While debatable, there are advantages. If dealing with an existing Bib-1
system, it won't support the new pattern match form at present. It also
wont support 'any' and 'all'. So it sounds like the best practical solution
available at present is:
For Bib-1:
If a word based term (using 'all' and 'any' not '=' or 'exact')
Split terms based on whitespace
Add first-in-field if '^' at start
Add left/right/both truncation if '*' at start/end/both
Error on anything more complex (could try a regexp format)
else
Leave term as single string and do the above '^' etc rules
end-if
For AA (if trying not to do it better than Bib-1 above):
Wait for any/all to be fixed in the standard
Wait for new CQL regexp to be added (if not added already)
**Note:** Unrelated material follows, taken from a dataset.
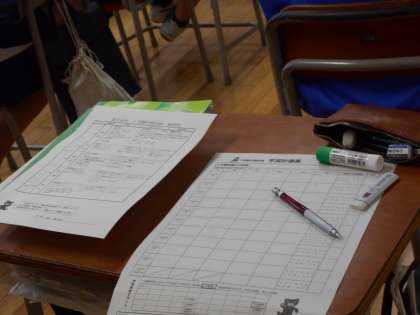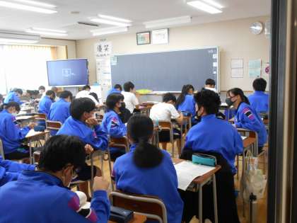 中間評価の範囲発表があり、テスト勉強の計画を立てました。3年生になって初めての定期評価で、気合い十分な雰囲気が伝わってきました。早速ワークで練習問題に取り組んでいる生徒もいました。

Add CQL regexp attribute if query contains any of '^', '*', '?', and '\'
For Bib-1, there are a couple of regexp formats for Bib-1 that could be
tried, but cross translation of patterns from one format to another can
be tricky to get right and not necessarily portable.
I almost wonder if CQL should say for 'all' and 'any' that terms are
white space separated. If you say 'book-case' and the system indexes it
as two words, then treat as a phase query (adjacent words). This seems
to be what all the existing implementations do, so I wonder if the spec
should be changed to make it compatible.
Alan
|